*TASK INSTRUCTIONS*. Please give the lines below again exactly as they stand, from the one that contains "Update your underwear" up to and including the one that contains "广州达内科技有限公司是国内权", leaving all pictures out.

*SOURCE INFORMATION*.
◆ ◆ ◆ ◆ ◆ ◆ ◆
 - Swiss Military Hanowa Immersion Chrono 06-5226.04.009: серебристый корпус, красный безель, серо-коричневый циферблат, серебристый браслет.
◆ ◆ ◆ ◆ ◆ ◆ ◆
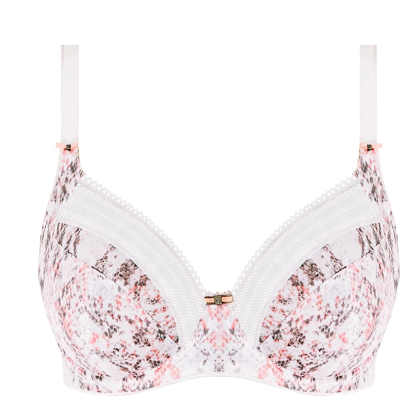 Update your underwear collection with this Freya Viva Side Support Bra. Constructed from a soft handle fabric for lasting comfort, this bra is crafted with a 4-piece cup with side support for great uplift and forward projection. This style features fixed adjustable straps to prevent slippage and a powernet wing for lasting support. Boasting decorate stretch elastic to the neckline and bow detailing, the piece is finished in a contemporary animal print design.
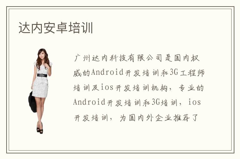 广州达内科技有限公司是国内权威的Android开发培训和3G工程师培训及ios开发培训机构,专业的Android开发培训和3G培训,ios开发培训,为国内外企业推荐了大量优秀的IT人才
◆ ◆ ◆ ◆ ◆ ◆ ◆
*EXERCISE OUTPUT*.
 Update your underwear collection with this Freya Viva Side Support Bra. Constructed from a soft handle fabric for lasting comfort, this bra is crafted with a 4-piece cup with side support for great uplift and forward projection. This style features fixed adjustable straps to prevent slippage and a powernet wing for lasting support. Boasting decorate stretch elastic to the neckline and bow detailing, the piece is finished in a contemporary animal print design.
 广州达内科技有限公司是国内权威的Android开发培训和3G工程师培训及ios开发培训机构,专业的Android开发培训和3G培训,ios开发培训,为国内外企业推荐了大量优秀的IT人才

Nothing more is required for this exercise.